Try it: Your answer must be the records below repeated word for word, with no pictures in it.

==== Information supplied ====

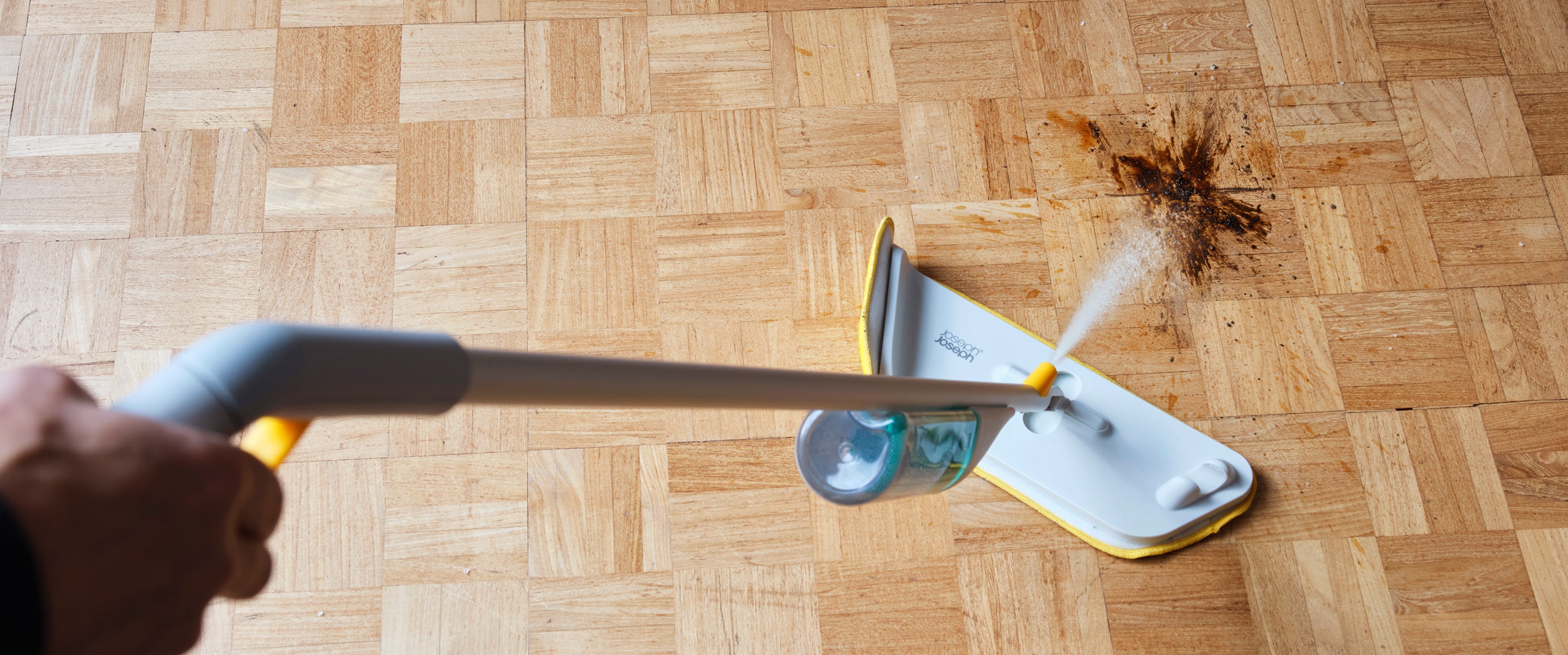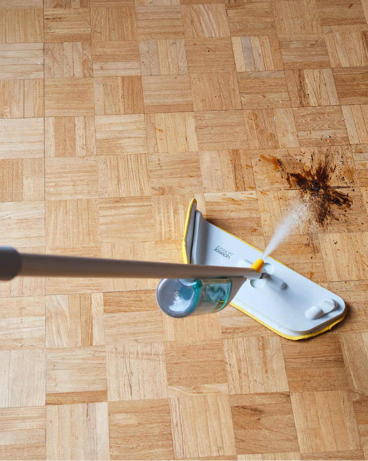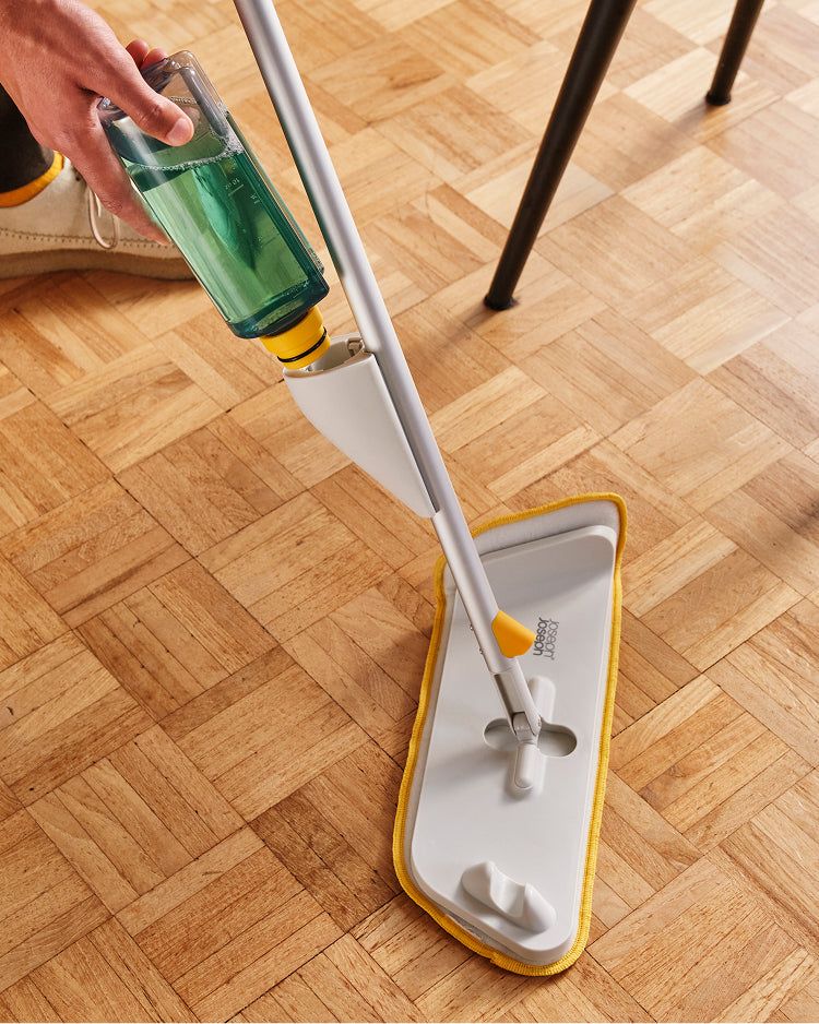 - Spray mops, such as the Joseph Joseph CleanTech™ 2-in-1 Spray Mop – which have built-in mechanisms to easily apply cleaning detergents – are brilliant for mopping up spillages and for reaching areas underneath cabinets and tables that other mops struggle to get to.
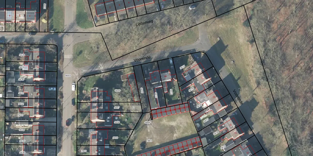 Gebruik de zoekbalk of klik op een perceel voor informatie over de adressen binnen dit perceel.
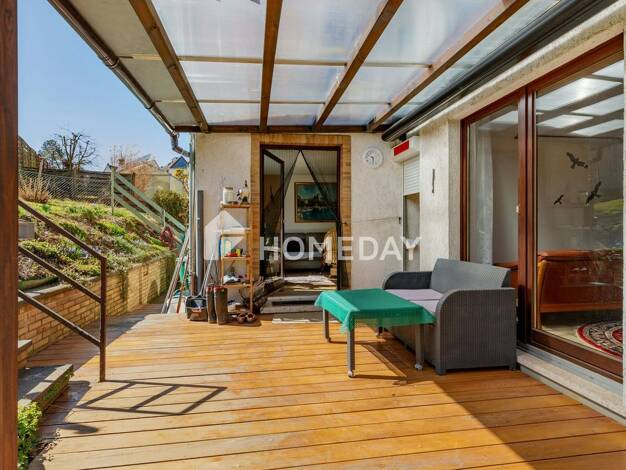 Das komplett sanierte Reihenmittelhaus mit gehobener Ausstattung, neu angelegtem kleinen Garten, Terrassenüberdachung aus Glas, separatem Abstellraum und Garage befindet sich in zentraler Innenstadtl...
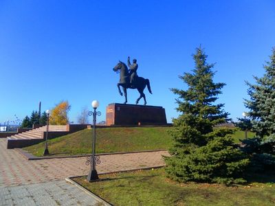 Statue of Kliment Voroshilov in Luhansk, Bronzenes Reiterstandbild in Luhansk, Ukraine.
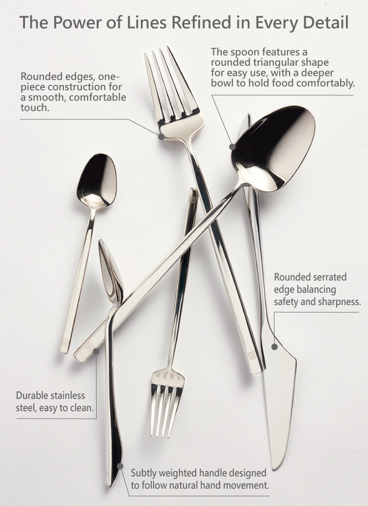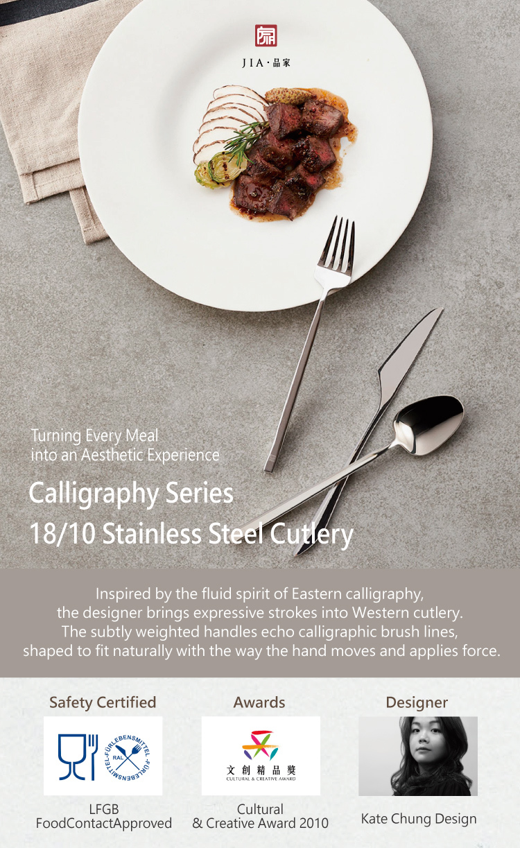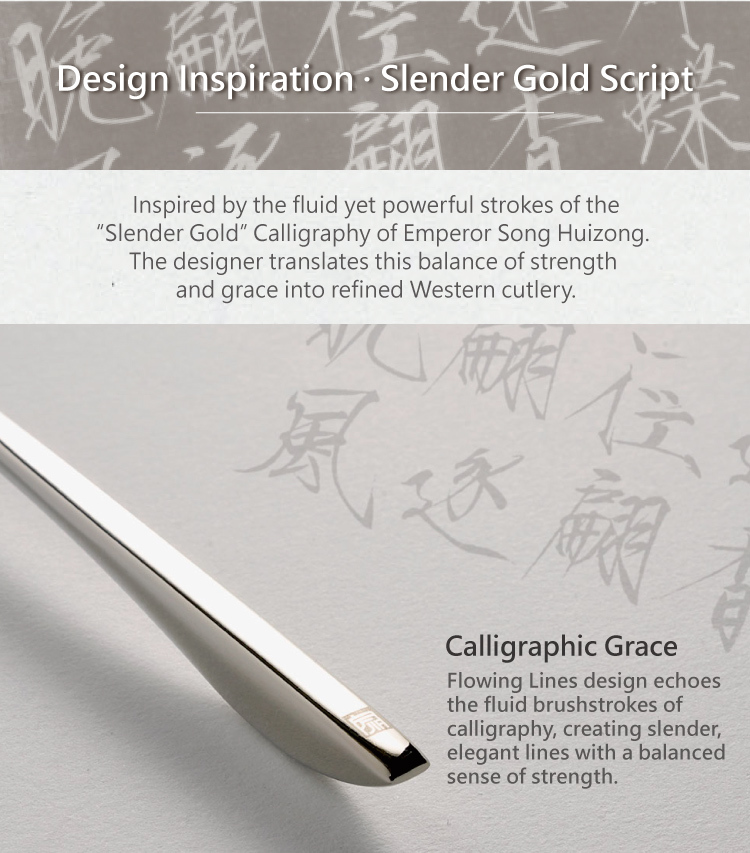 Inspired by the fluid spirit of Eastern calligraphy, the designer brings expressive strokes into Western cutlery.

====

Solution for this exercise:
 - Spray mops, such as the Joseph Joseph CleanTech™ 2-in-1 Spray Mop – which have built-in mechanisms to easily apply cleaning detergents – are brilliant for mopping up spillages and for reaching areas underneath cabinets and tables that other mops struggle to get to.
 Gebruik de zoekbalk of klik op een perceel voor informatie over de adressen binnen dit perceel.
 Das komplett sanierte Reihenmittelhaus mit gehobener Ausstattung, neu angelegtem kleinen Garten, Terrassenüberdachung aus Glas, separatem Abstellraum und Garage befindet sich in zentraler Innenstadtl...
 Statue of Kliment Voroshilov in Luhansk, Bronzenes Reiterstandbild in Luhansk, Ukraine.
 Inspired by the fluid spirit of Eastern calligraphy, the designer brings expressive strokes into Western cutlery.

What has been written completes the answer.